Onofrio Spencer Jeffrey Bruno, professionally known as Spencer Brown, is an American electronic dance music artist, producer, and DJ. He is best known for his albums, 'Illusion of Perfection' (2018) and 'Stream of Consciousness' (2020), and for his collaborations with deadmau5 and Above & Beyond.

While Brown’s music can mainly be classified as progressive house, his sound spans across a wide range of electronic music, including techno, trance, and deep house.

Early life and education
Brown was born in Los Gatos, CA. At the age of 2, he started drumming. Around age 12, he started DJing and producing his own music, motivated by his dislike of the music selection at school parties. His first gigs included teenage birthday parties, Bar/Bat Mizvahs, and middle school parties. He moved to Dallas, TX when he was 13, where his DJ business grew. When Brown was 14, he discovered progressive house music through Axwell, Eric Prydz, and later Avicii.
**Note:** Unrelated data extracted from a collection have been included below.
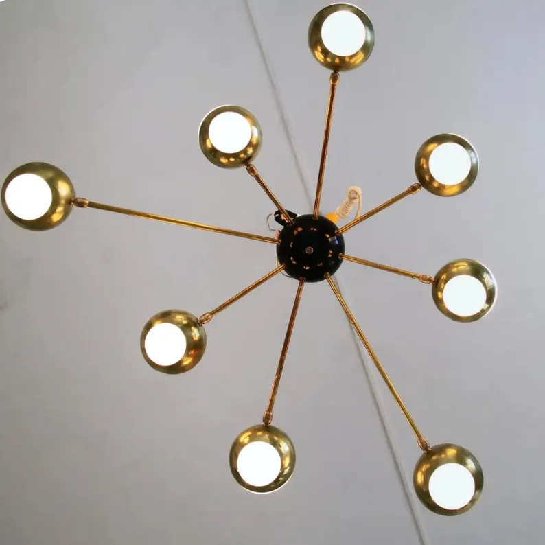 Modern 8 Arm Flush Mount Brass Ceiling Chandelier with Glass Lights Perfect for Living Room Dining Room and Entryway
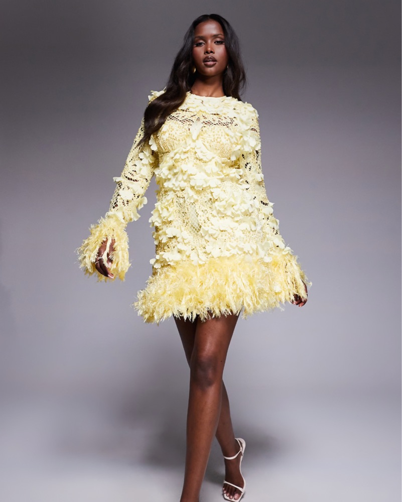ASOS LUXE 3D Floral Feather Mini Dress
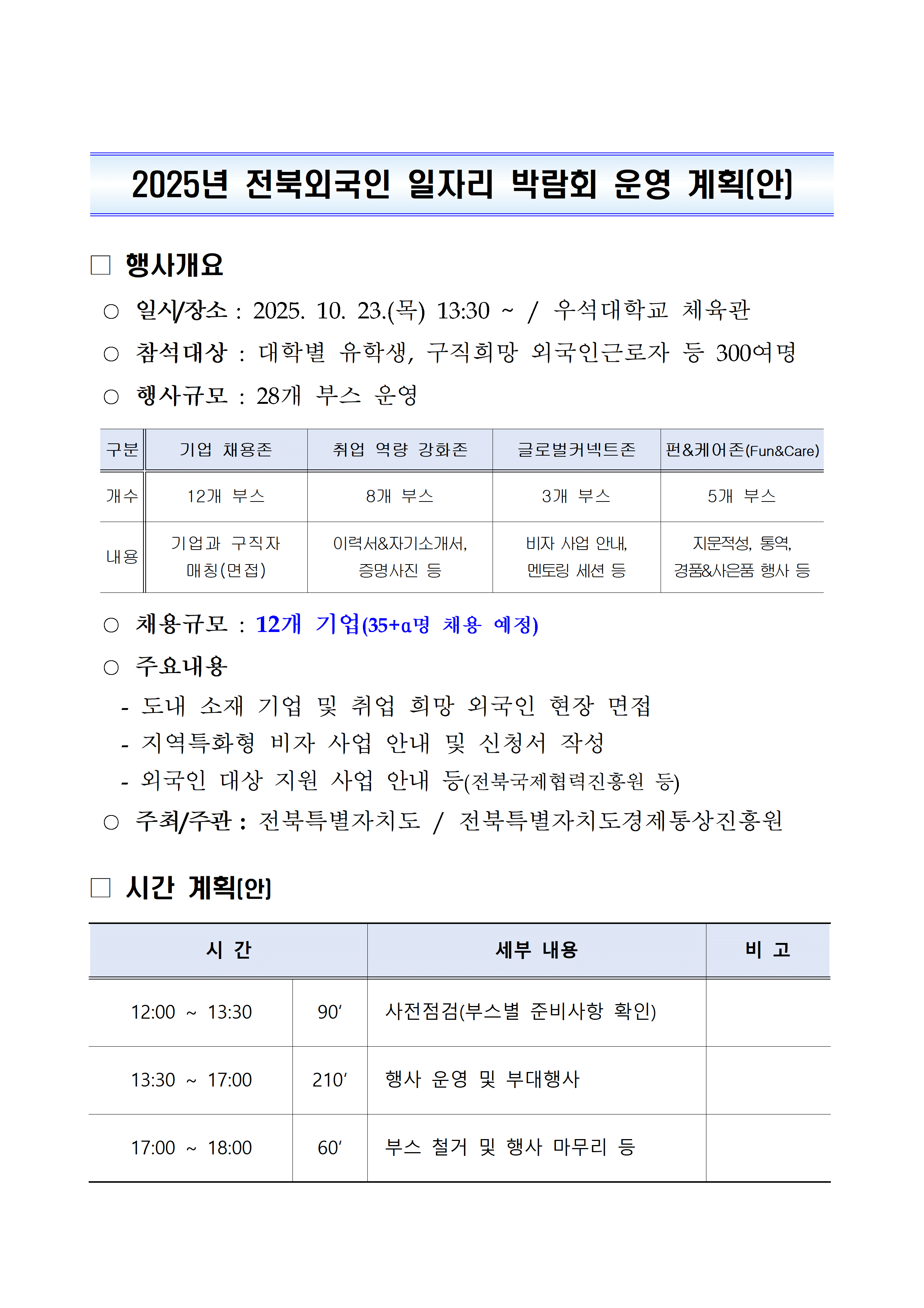 전북특별자치도는 10월 23일 우석대학교 체육관에서 ‘2025 전북 외국인 일자리 박람회’를 성황리에 개최했다고 밝혔다.
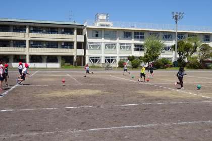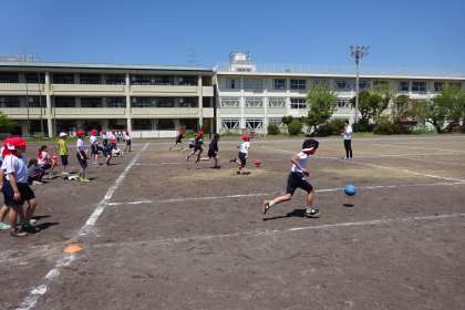 5年体育の様子です。ボールを使って、体つくり運動をしていました。自分が転がしたボールを拾いながらのダッシュ、仲間が転がしたボールを拾いながらのダッシュなど、ボールを使ったダッシュを行った後、ペアになってキャッチボールなどをして投力を高める活動を行いました。いろいろな動きを楽しそうに挑戦していました。
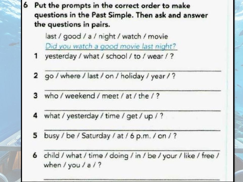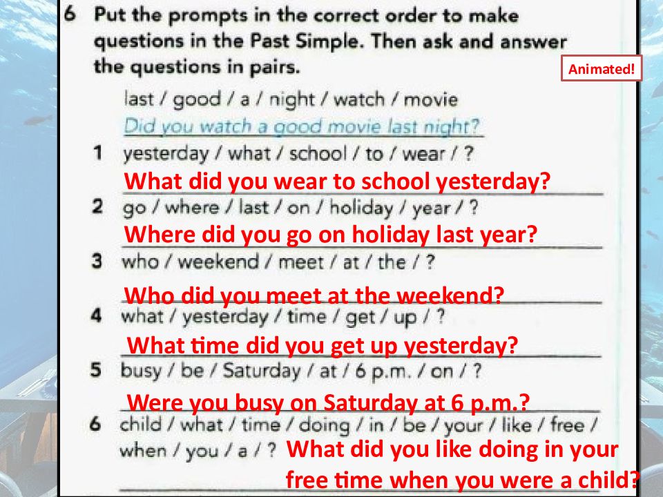 What did you wear to school yesterday? Where did you go on holiday last year? Who did you meet at the weekend? What time did you get up yesterday? Were you busy on Saturday at 6 p.m.? What did you like doing in your free time when you were a child? Animated!
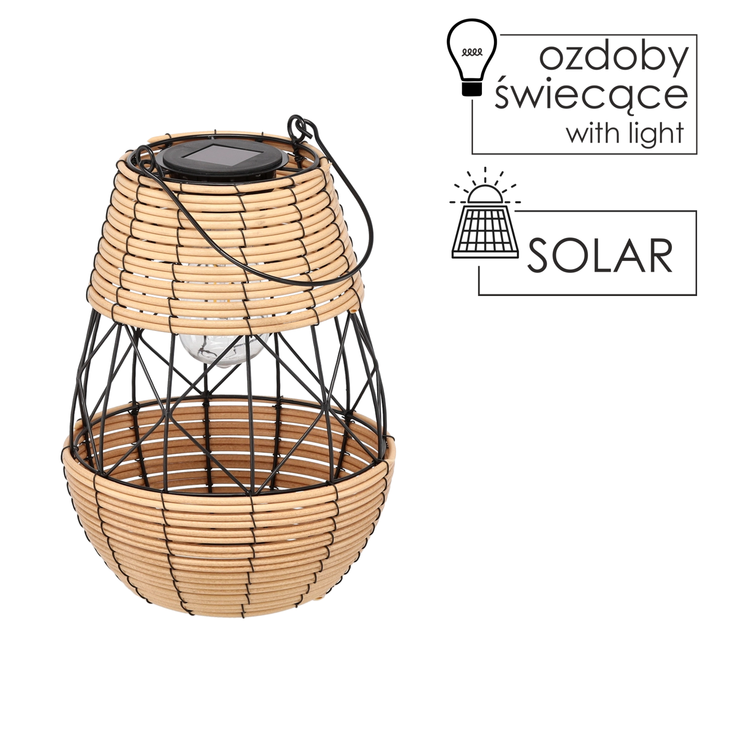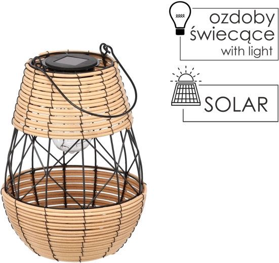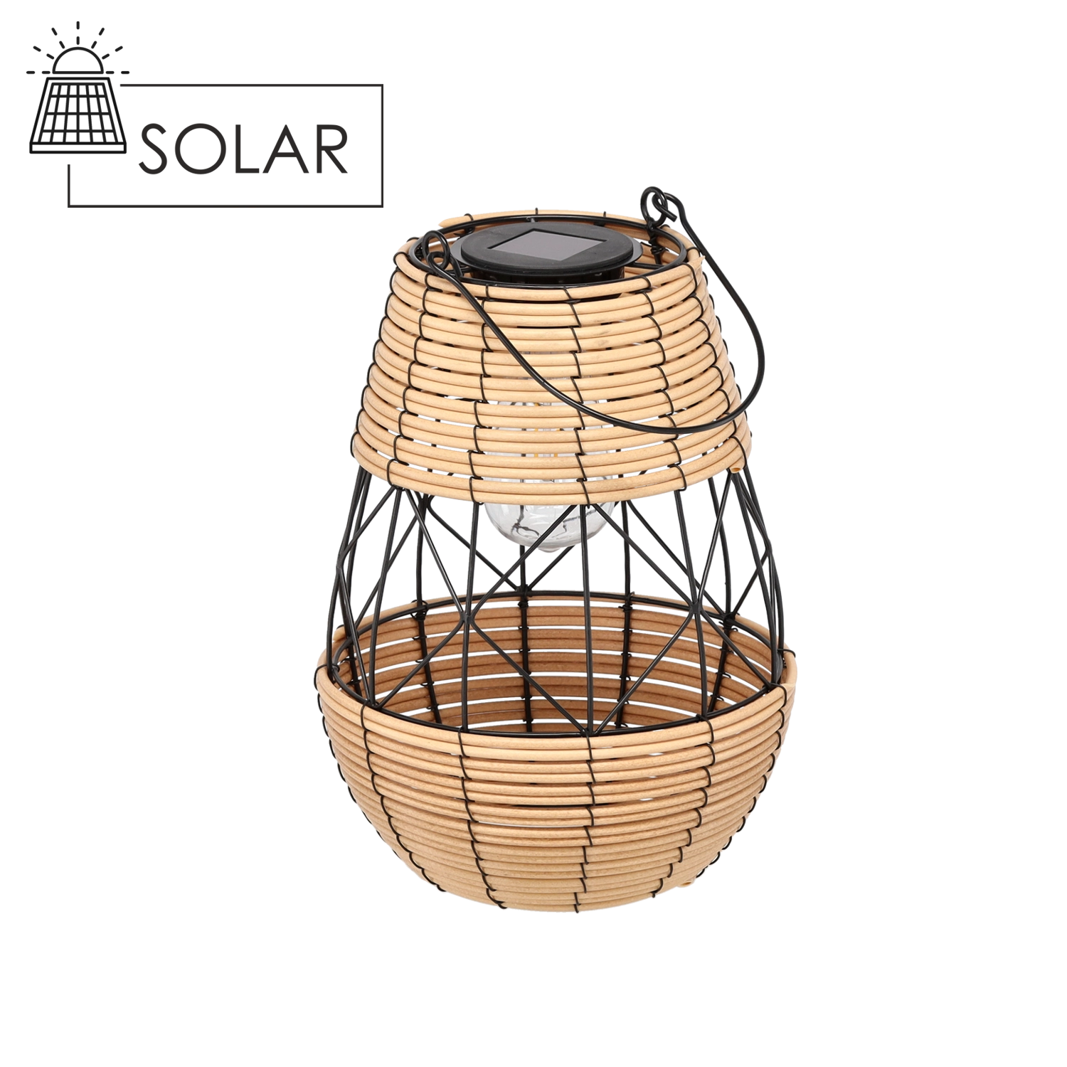 Varázslatos hangulatot teremthet a kertben, erkélyen vagy a teraszon. Ez a 32 cm magas napelemes lámpás rattan hatású megjelenéssel és fém vázzal nappal a napenergiával töltődik, sötétedéskor pedig automatikusan felkapcsol meleg, kellemes fénnyel. A fekete és bézs színkombináció nagyszerűen illik a modern és a természetes berendezéshez is.
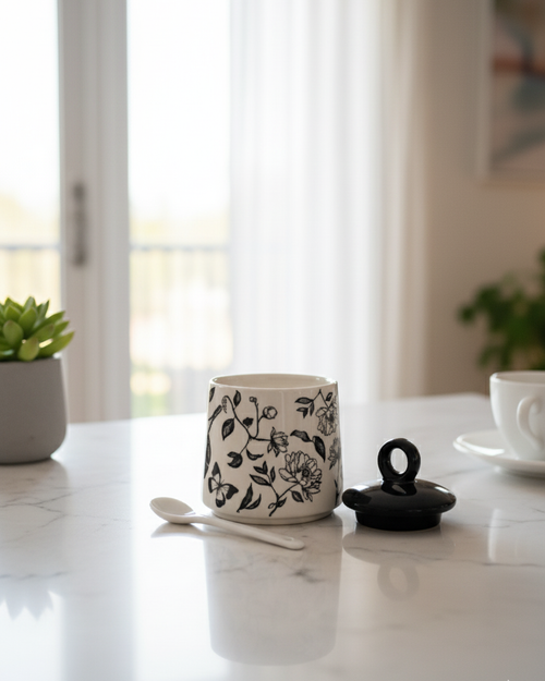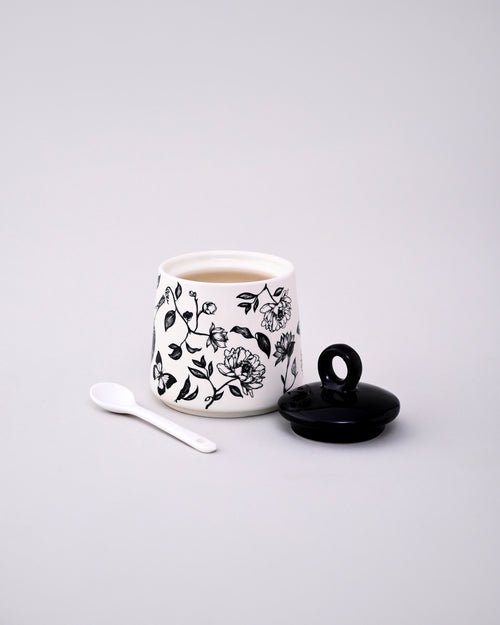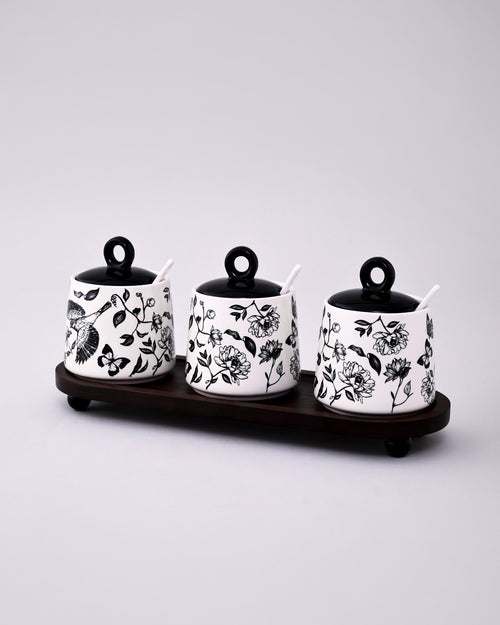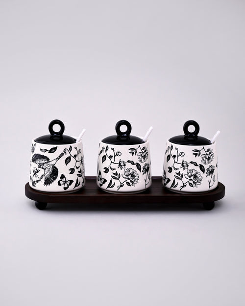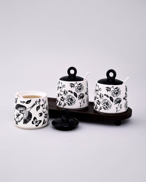 Floral Ceramic Condiment Jar Set - Black
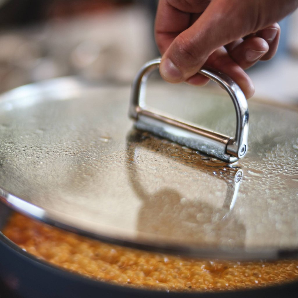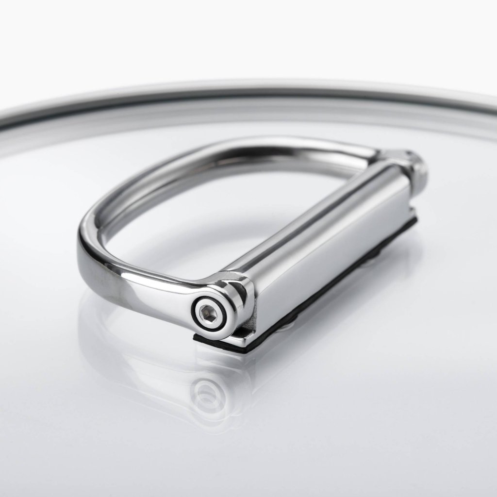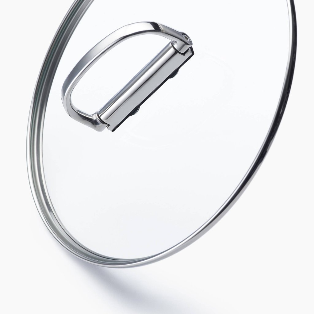 - Inclui um copo de vidro temperado tampa de vidro para panela com borda de aço inoxidável e uma alça dobrável para facilitar o armazenamento compacto.
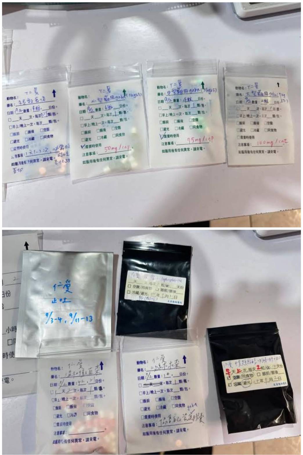長青醫院的腫瘤科醫師為仁愛擬定的化療療程是打針及口服輪流進行,初期要每週回診血檢、確定沒有影響到骨髓後再持續治療,除了化療藥,也要吃肝臟保養、止吐及食慾促進等用藥,是為了盡量減少化療藥的副作用及維持仁愛的健康,除了在2025年3月17日第一次吃化療藥的隔天仁愛有拉肚子、精神稍差,之後的每週治療後都沒有再出現明顯的副作用,平均每週的回診血檢結果都維持在正常值內,化療療程計畫是採取一週口服、一週打小針,無異常反應再延長時間而,總共是要打到9輪,。
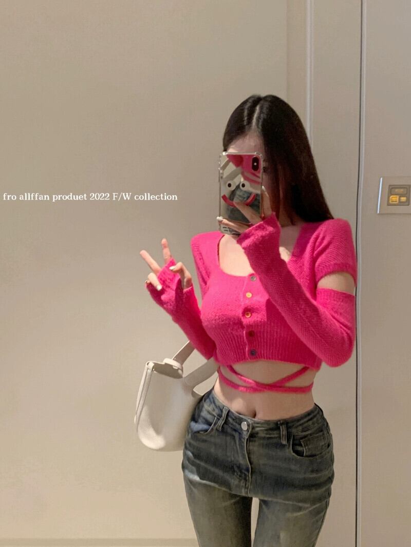 ローズレッド スクエアカラー 長袖 ニット カーディガン レディース 春 甘い タイアップ スリムフィット ショート ボトム セーター トップ ロング 大人ガーリー スウィート キュート カジュアル スプリング 春物 スクウェア bstraw26272769810 | beaute25

He graduated with distinction in 2016 in Electrical & Computer Engineering with a minor in Computer Science from Duke University - Pratt School of Engineering.

Career
Brown got his first break when Avicii signed him to his label for his "Chalice EP" on LE7ELS in 2014. He made his live debut opening for Avicii at the Hollywood Bowl in 2013. Thereafter, he toured North America, opening for Avicii’s True Tour. After graduating from Duke University, his career picked pace, when he continued touring and releasing music with world-known DJs like Above & Beyond and deadmau5. In a few years, Brown saw support from some of dance music's biggest international acts, including Calvin Harris, Armin van Buuren, Avicii, Sasha, FISHER, and Pete Tong.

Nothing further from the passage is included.